IE importers face a tariff-refund deadline: file by early 2027 or forfeit
The Supreme Court struck down the IEEPA tariffs in February, and Customs and Border Protection has been refunding them through an automated portal called CAPE since April. Most importers don't have to do anything beyond filing a claim. That's true for newer entries — cargo not yet finalized, or finalized within the last 80 days.
It stops being true for older cargo. Customs uses the term "finally liquidated" for entries past that 80-day window — the final accounting is closed. On June 2 the Justice Department appealed the order requiring refunds on those entries, arguing Customs has no authority to reopen them for any importer who didn't file an individual suit at the Court of International Trade.
Under the government's position, the late-July phase of the refund portal that covers finally-liquidated entries will process only for importers who have already sued. By recent count, about 4,000 importers have. Everyone else may wait indefinitely — and possibly never collect — on their oldest entries.

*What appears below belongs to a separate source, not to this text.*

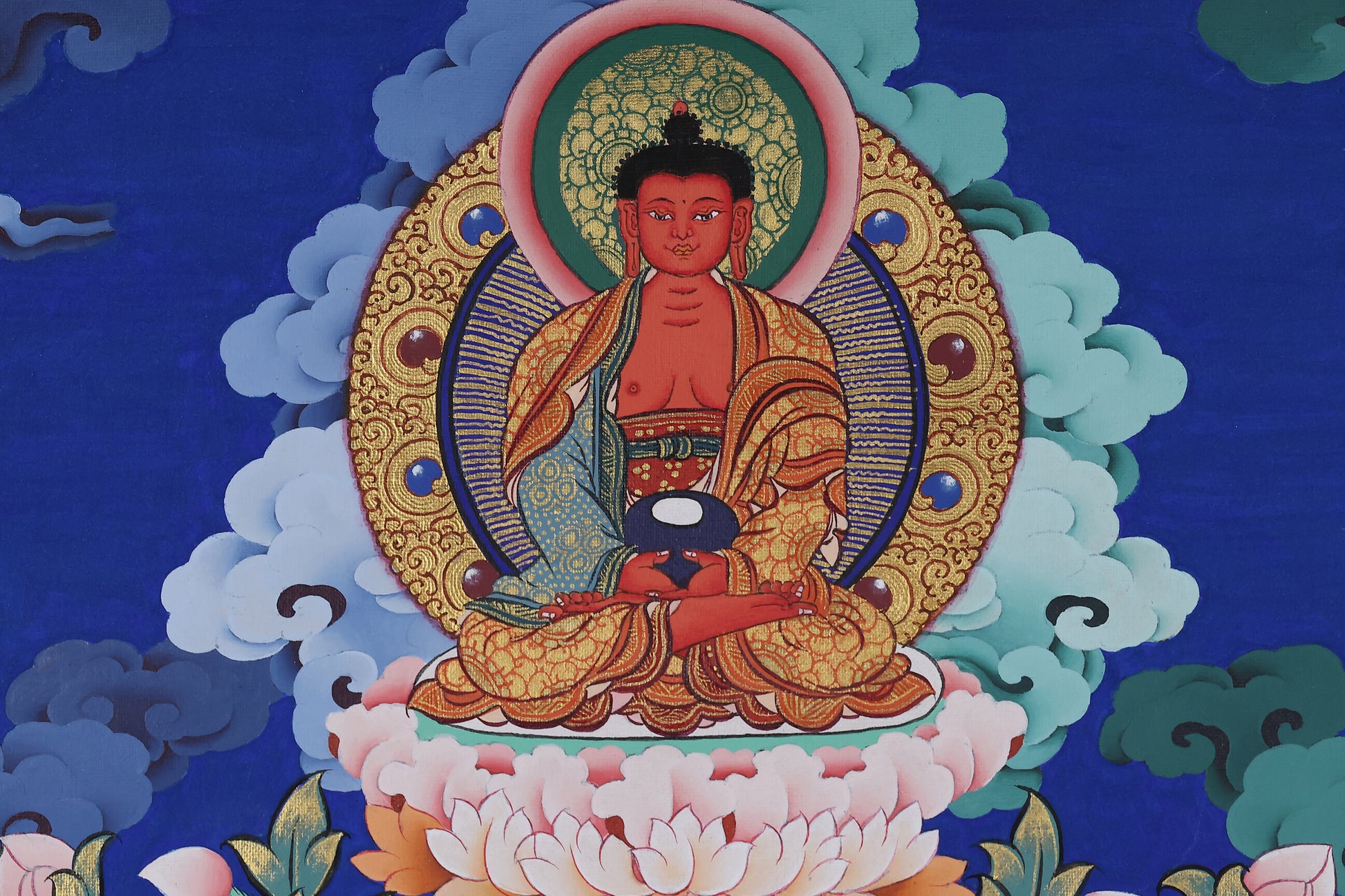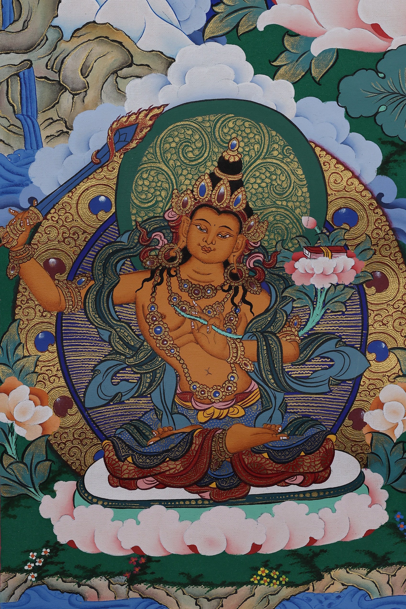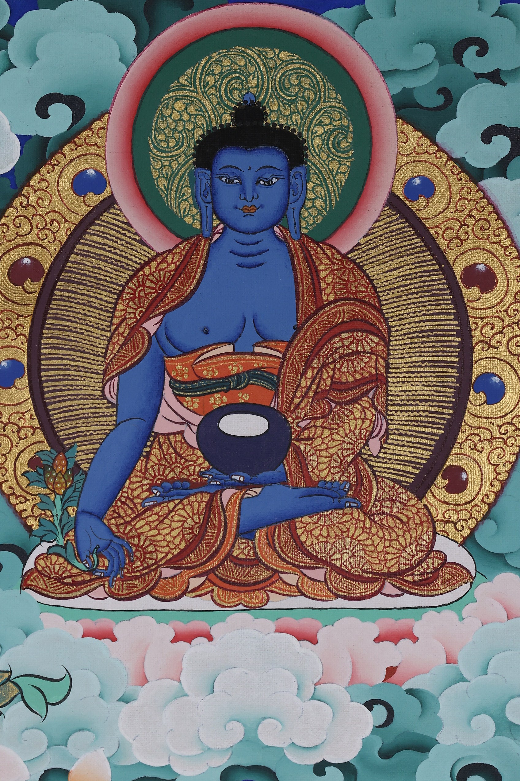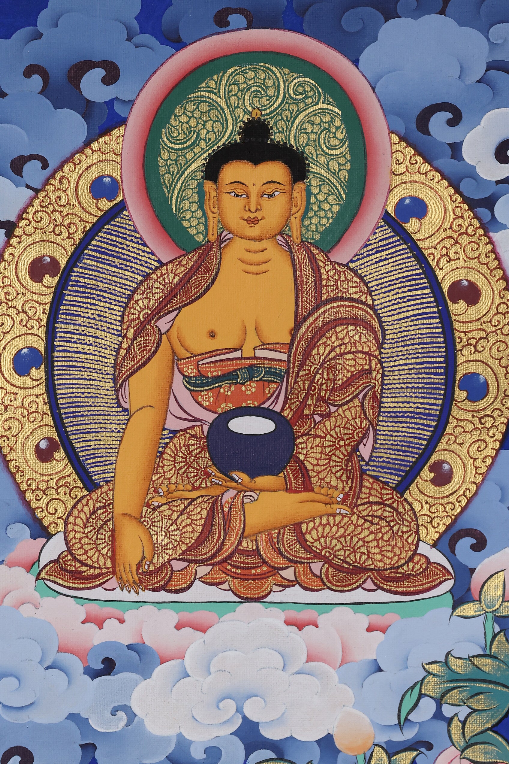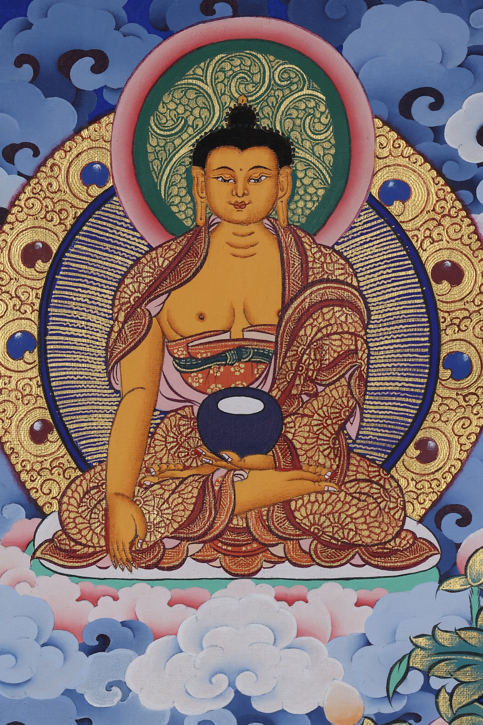 This piece is hand-painted by master Tibetan artisans, following the sacred Iconometry Sutra and traditional techniques:

The clock is the part operators can act on. The trade court's jurisdiction carries a two-year limit. For the earliest IEEPA cargo, entered in early 2025, that window starts closing in early 2027. An importer who waits to see how the appeal resolves can lose the right to file before the appeal is even decided.
This lands unevenly in the Inland Empire for a specific structural reason: the refund flows only to the importer of record on each entry, and in a region where third-party logistics firms and warehouse operators clear cargo for clients, the IE company on the customs paperwork is often the one holding the claim — and the one facing the deadline. CBRE ranked the Inland Empire first in the nation for large industrial leases last year, with third-party logistics firms its most active occupier class. How many of those firms have early-2025 entries sliding toward finality is not a number anyone publishes. The exposure is real; its size in the IE is unmeasured.
The practical read for any IE business that paid the tariffs: pull your entry liquidation dates, find out which sit past the 80-day line, and weigh the value of those entries against the cost of a protective filing — before the calendar, not the appeal, makes the decision.